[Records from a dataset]
%%

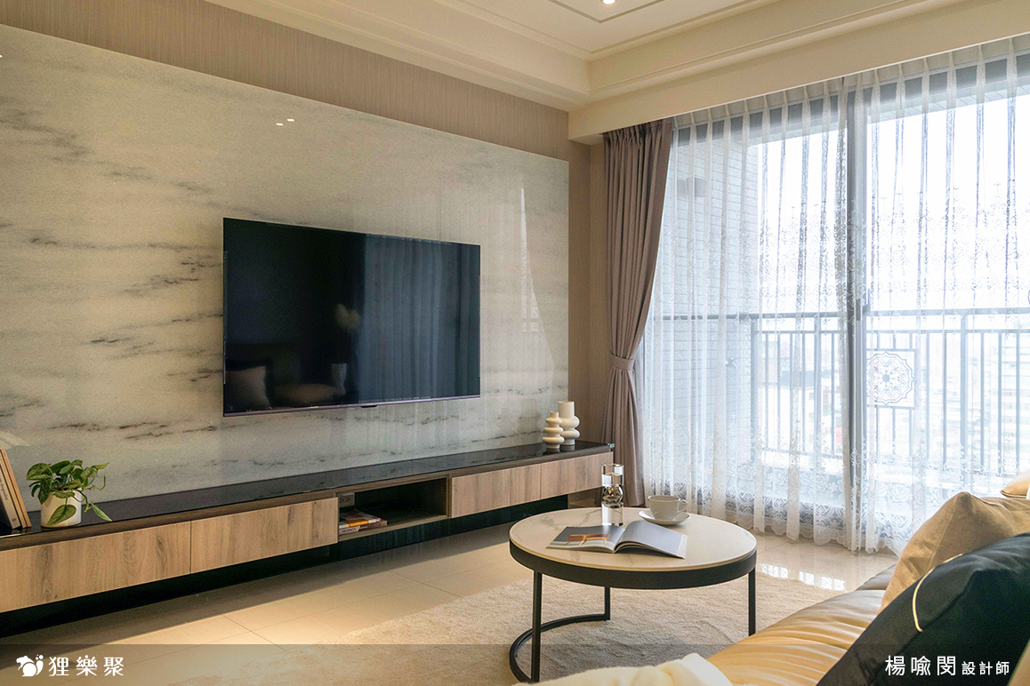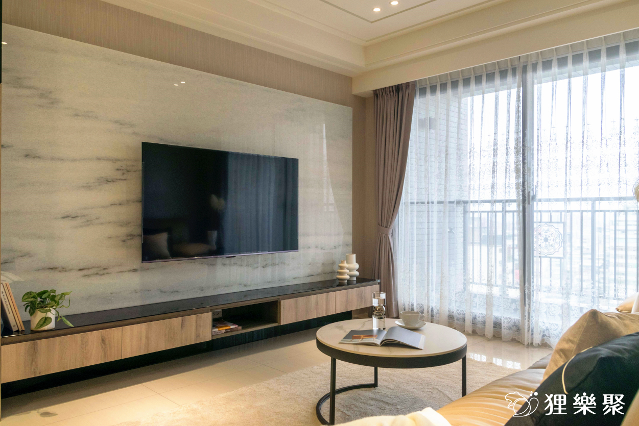 ▲ 客廳使用了白晶鑽大理石電視牆
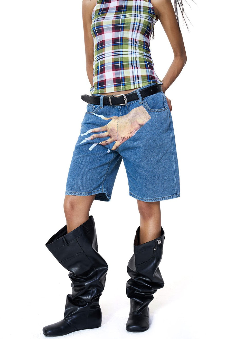 Get ready for playful finger print design and a trendy y2k style with our Sarai Printed Denim Shorts! These quirky and playful shorts feature a unique finger print design, adding a touch of fun to your summer wardrobe. Made from high-quality denim, these shorts offer both style and comfort. So go ahead, slip into these shorts and make a statement!
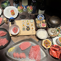 人気の新鮮近江牛のユッケに始まる特別な宴。系列店 祇園肉亭新より取り入れた和食のエッセンスと創作料理の数々。 焼き肉以外の部分でも魅力的なお料理のご用意が可能になりました。 贅を尽くした近江牛の極上部位の数々。趣ある町家空間の中、思い思いの素敵なお食事の時間を存分にお愉しみくださいませ。
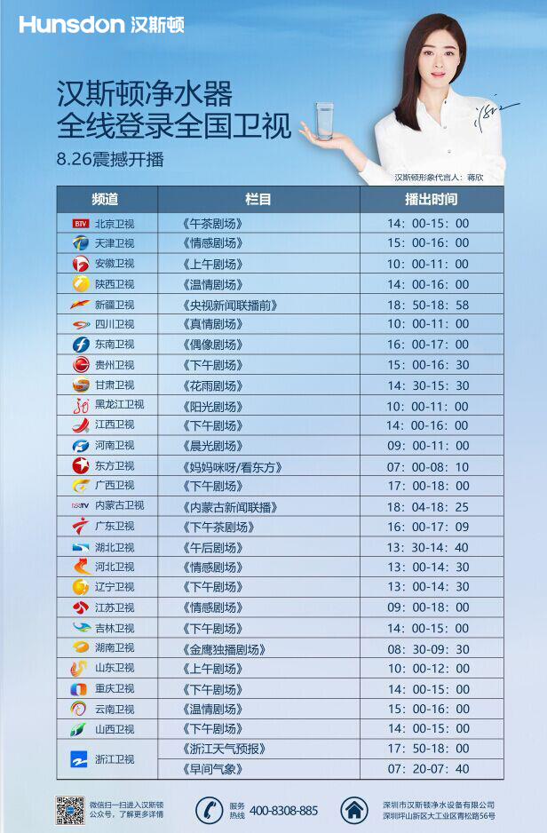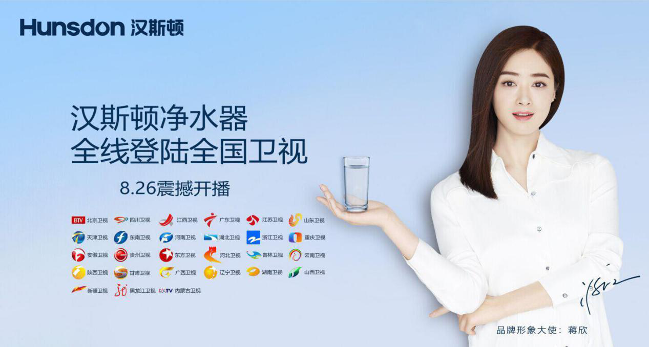 8月26日,「漢斯頓 」戰略布局的第二槍開啟了。漢斯頓凈水品牌廣告片在北京、浙江、廣東、江蘇等27省王牌衛視臺強勢播出,開啟霸屏模式。
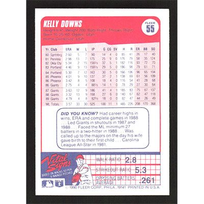 This is a 1990 Fleer Kelly Downs baseball card. The card is #55 and pictures show condition.
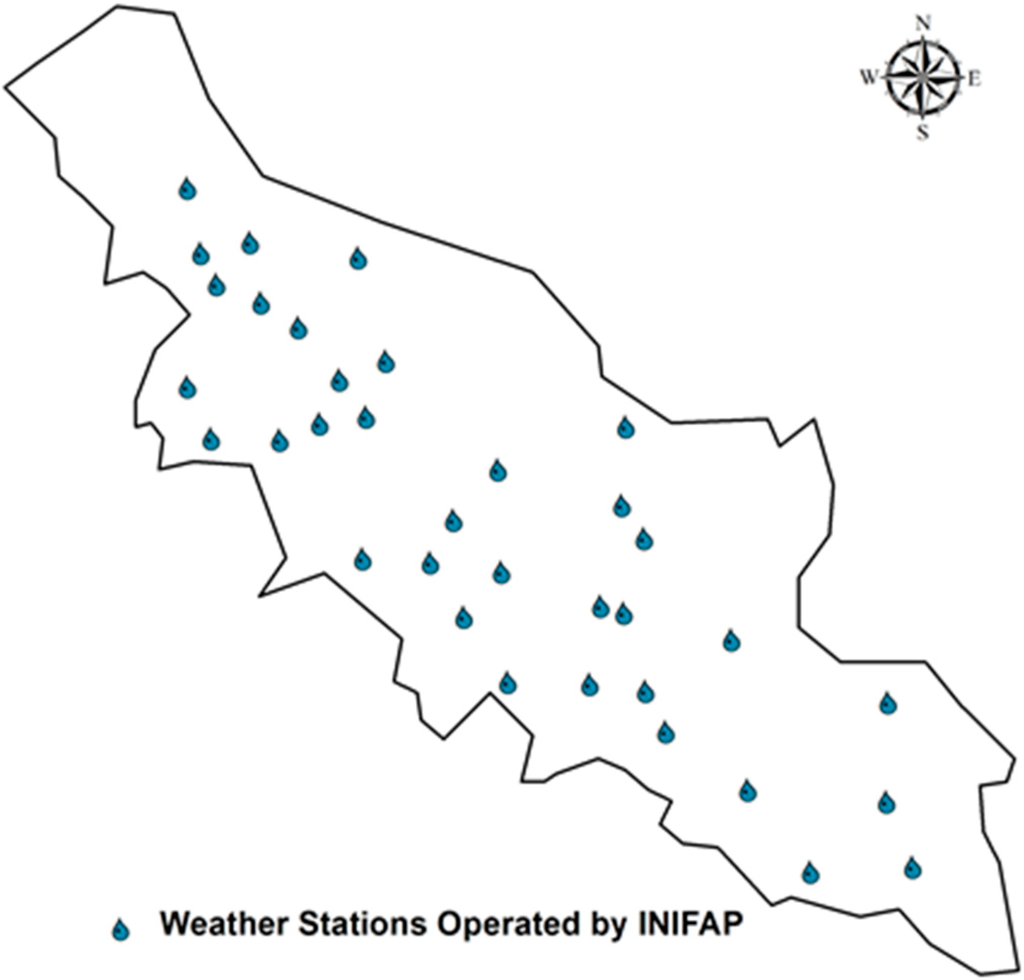 Weather stations of dry beans primary region of Mexico. Source INIFAP 2011 [25,26,27].
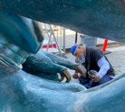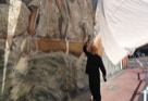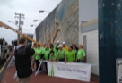 It was the first time that anyone could remember such a joyous social occasion that was joined and witnessed by a hundreds of residents from both local mainstream and First Nations communities. Nil/tu,o became an iconic part of the local landscape, a destination for travelers from all over the world to come for photos . Over the years, as the paint began to fade and the relief elements appeared to be coming disconnected, TELUS decided to have a major refurbishing done. TELUS staff came out to help clean and prepare the wall for the work. When completed, a rededication ceremony was held with many of the same participants as participated in the first event.
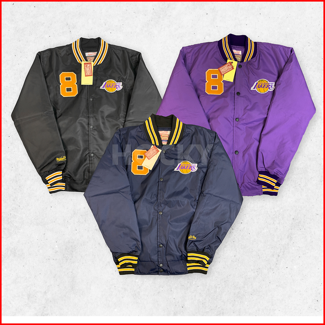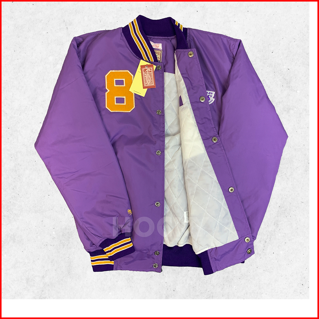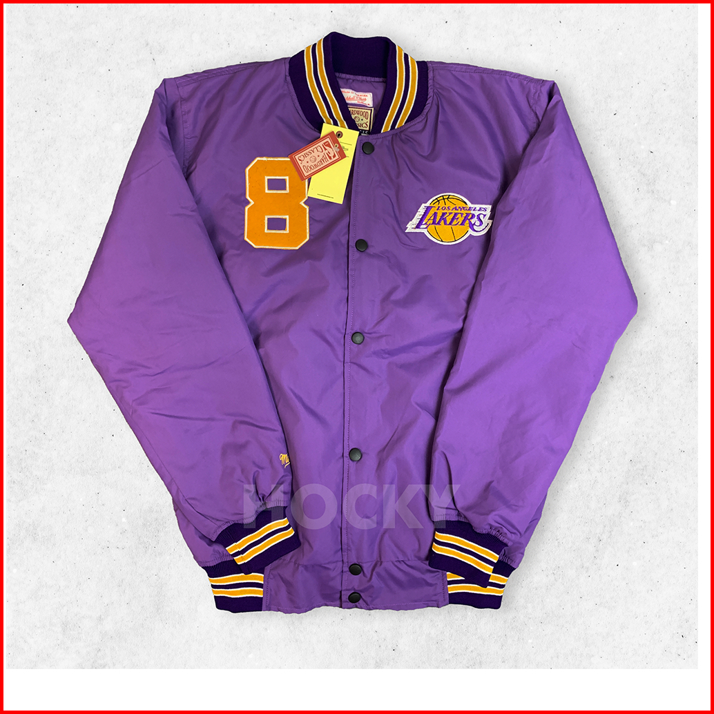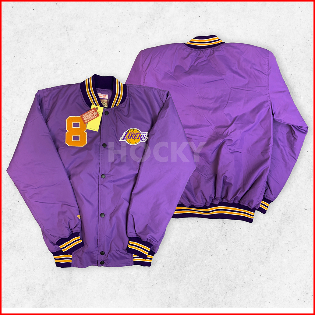 Hocky Jaket Varsity Baseball Pria Ungu Laker S 8 Full Bordir Casual Vintage Basketball
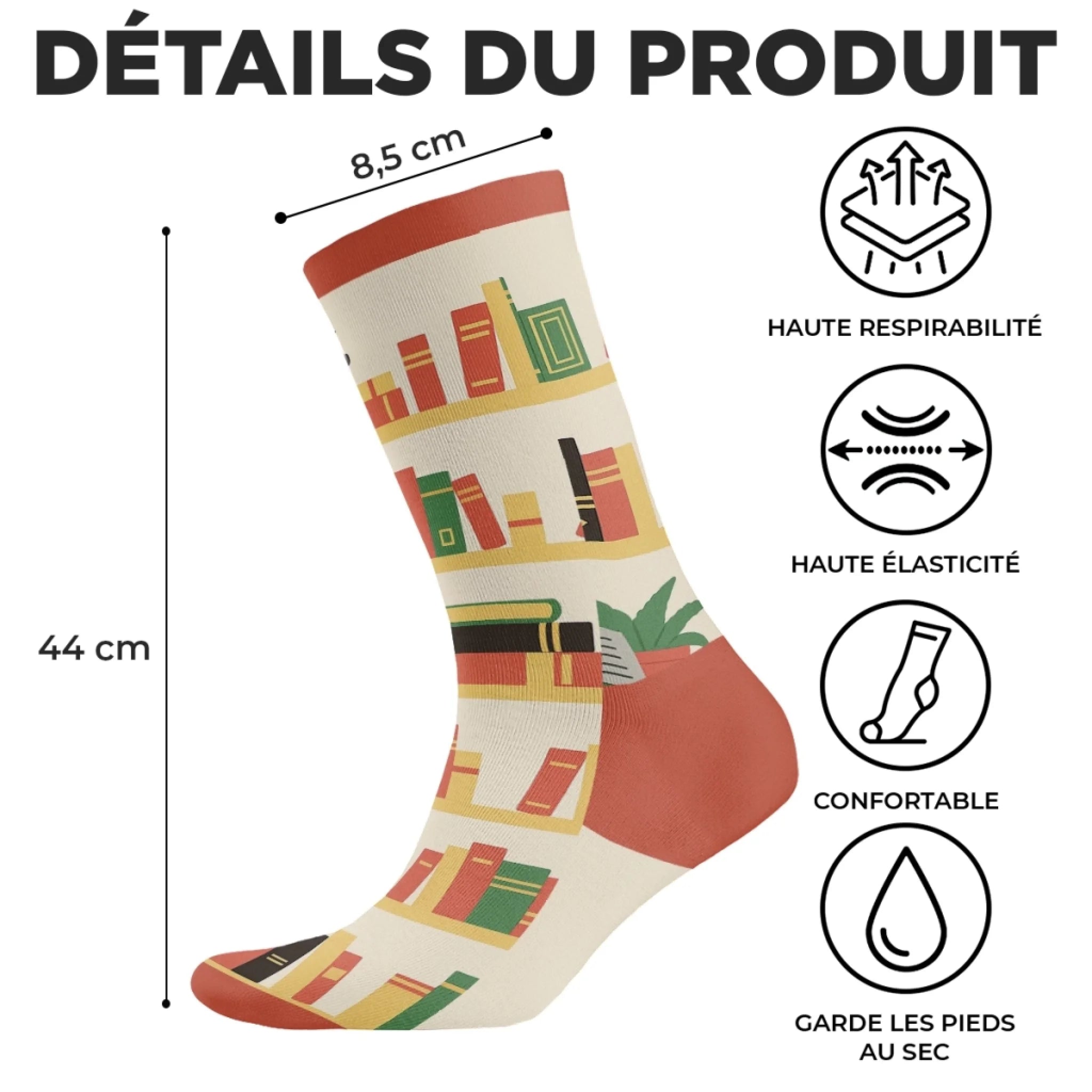 Chaussettes Personnalisées – Cadeaux Pour Amoureux Des Livres, Rats De Bibliothèque, Lecteurs – Des Aventures Entre Ces Pages
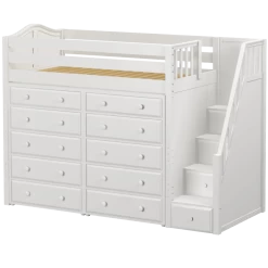 Our best-selling high loft bed becomes the ultimate storage cube. Matching dressers slide in perfectly beneath the bed, saving valuable floorspace. Added bonus, super safe staircase steps double as storage drawers.
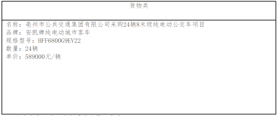 亳州市公共交通集團(tuán)有限公司采購24輛8米級純電動公交車項(xiàng)目
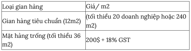 Lưu ý, doanh nghiệp đăng ký tham dự thanh toán trước 100% trước thời hạn quy định và thực hiện phụ thu 5% đối với các gian hàng góc.
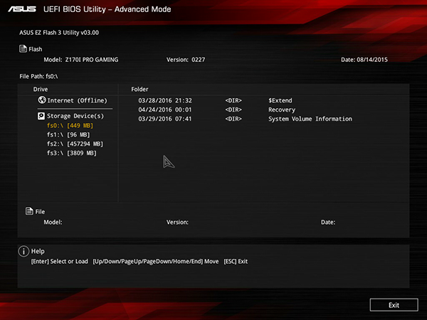 Как и на всех платах Asus, на плате Asus Z170I Pro Gaming имеется возможность очень просто обновить версию UEFI BIOS, используя для этого традиционную утилиту Asus EZ Flash 3, встроенную в BIOS.

%%

What you have to do —
Print exactly the lines above that run from the one with "Hocky Jaket Varsity" down to the one with "Chaussettes Personnalisées –", and omit the pictures.

Written solution —
 Hocky Jaket Varsity Baseball Pria Ungu Laker S 8 Full Bordir Casual Vintage Basketball
 Chaussettes Personnalisées – Cadeaux Pour Amoureux Des Livres, Rats De Bibliothèque, Lecteurs – Des Aventures Entre Ces Pages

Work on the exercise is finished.